§ DATA SUPPLIED
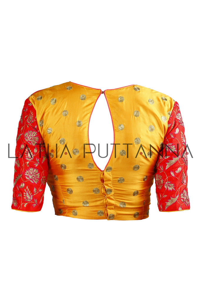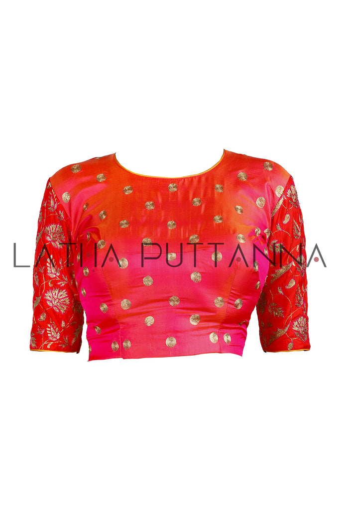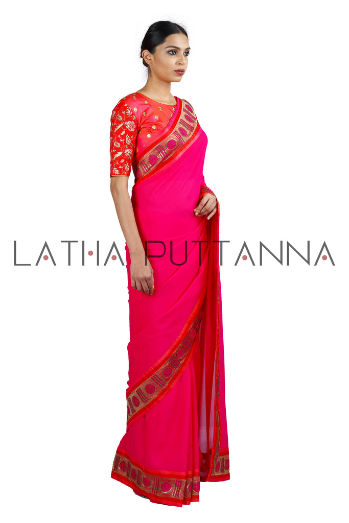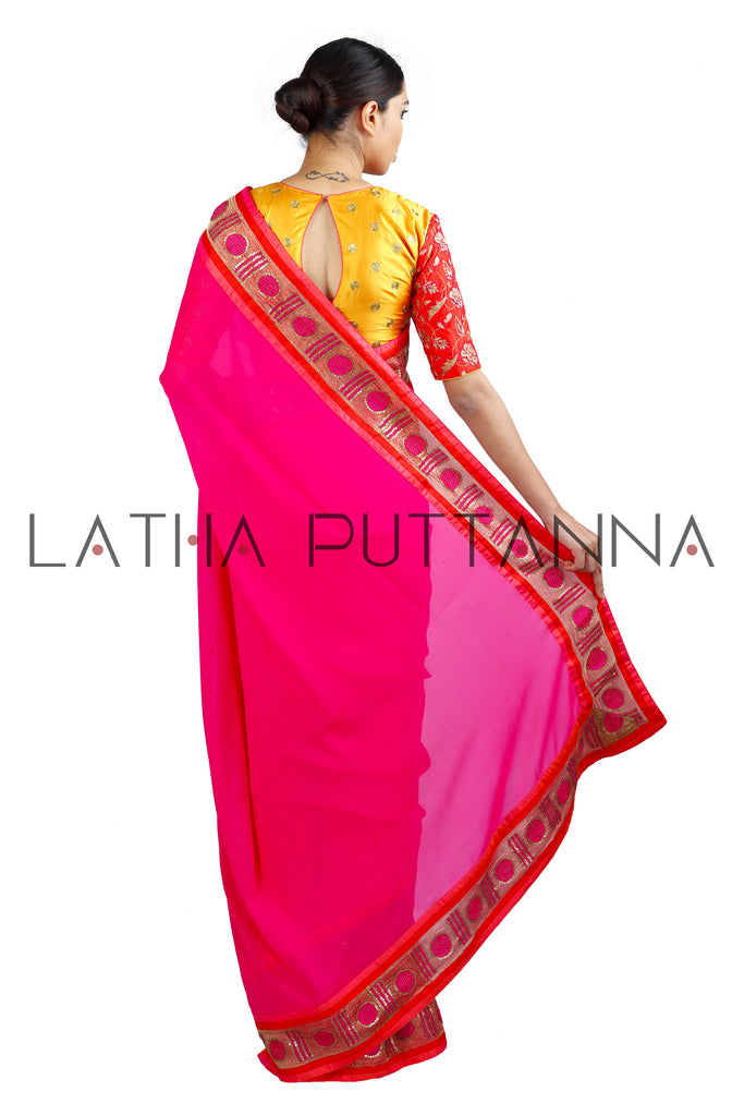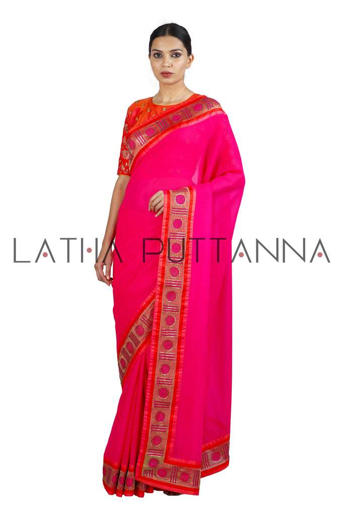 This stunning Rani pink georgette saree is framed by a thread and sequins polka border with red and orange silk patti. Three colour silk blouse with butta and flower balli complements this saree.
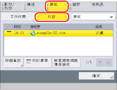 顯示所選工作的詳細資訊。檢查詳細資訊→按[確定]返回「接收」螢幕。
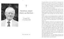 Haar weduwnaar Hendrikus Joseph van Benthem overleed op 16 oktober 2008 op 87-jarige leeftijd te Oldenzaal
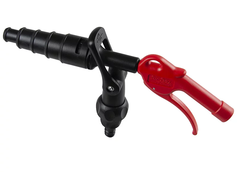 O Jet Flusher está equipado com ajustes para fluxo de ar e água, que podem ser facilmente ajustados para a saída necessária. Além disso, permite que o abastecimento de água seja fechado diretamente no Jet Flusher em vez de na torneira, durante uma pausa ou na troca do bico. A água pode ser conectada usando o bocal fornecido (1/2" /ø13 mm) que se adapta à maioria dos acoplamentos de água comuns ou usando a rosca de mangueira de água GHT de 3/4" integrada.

* * *

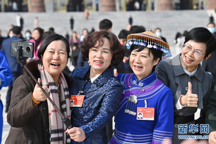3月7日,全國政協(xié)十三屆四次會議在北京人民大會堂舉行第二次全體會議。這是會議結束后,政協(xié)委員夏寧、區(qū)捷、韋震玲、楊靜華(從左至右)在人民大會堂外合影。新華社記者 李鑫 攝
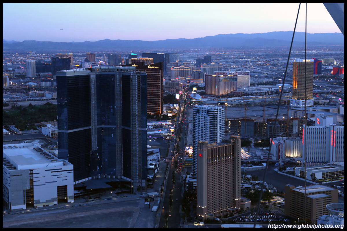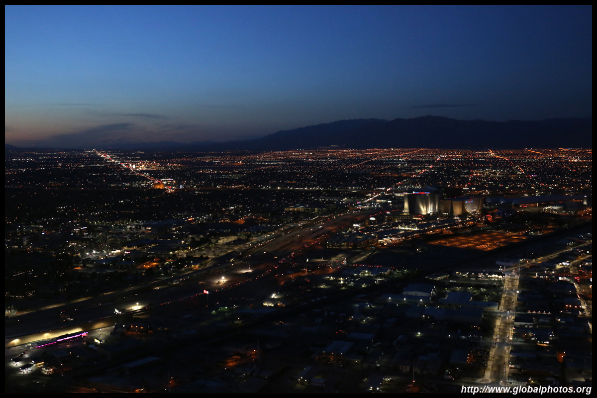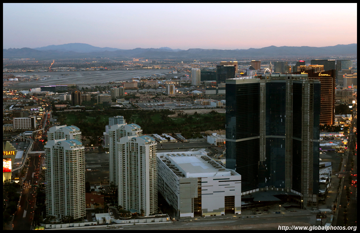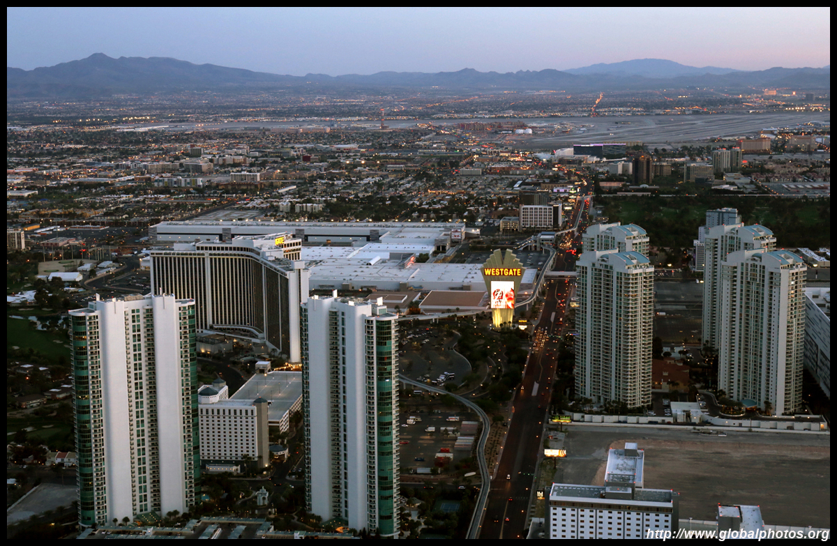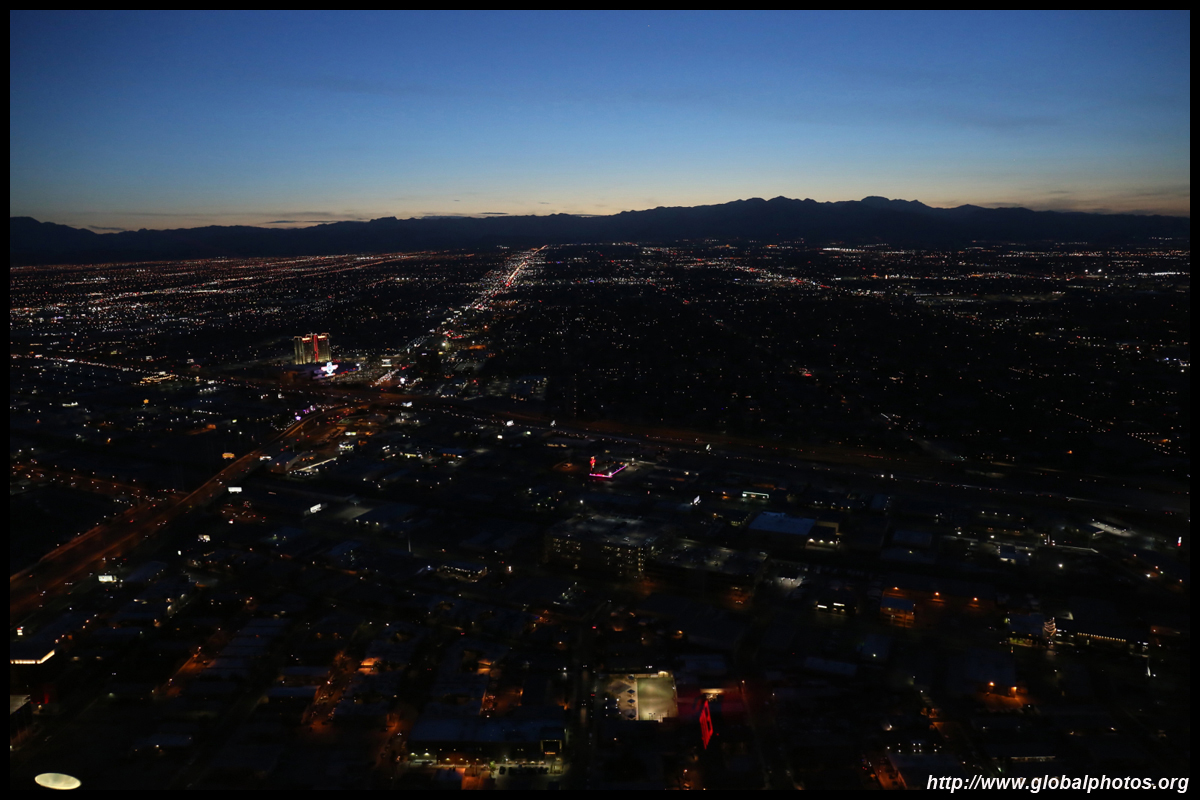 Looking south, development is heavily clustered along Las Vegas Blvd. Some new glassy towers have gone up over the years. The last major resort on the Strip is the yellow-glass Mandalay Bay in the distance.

§ TASK OBJECTIVE
Drop the pictures; return the lines above from the line containing "This stunning Rani" to the line containing "Haar weduwnaar Hendrikus", both included, exactly.

§ ANSWER SPACE
 This stunning Rani pink georgette saree is framed by a thread and sequins polka border with red and orange silk patti. Three colour silk blouse with butta and flower balli complements this saree.
 顯示所選工作的詳細資訊。檢查詳細資訊→按[確定]返回「接收」螢幕。
 Haar weduwnaar Hendrikus Joseph van Benthem overleed op 16 oktober 2008 op 87-jarige leeftijd te Oldenzaal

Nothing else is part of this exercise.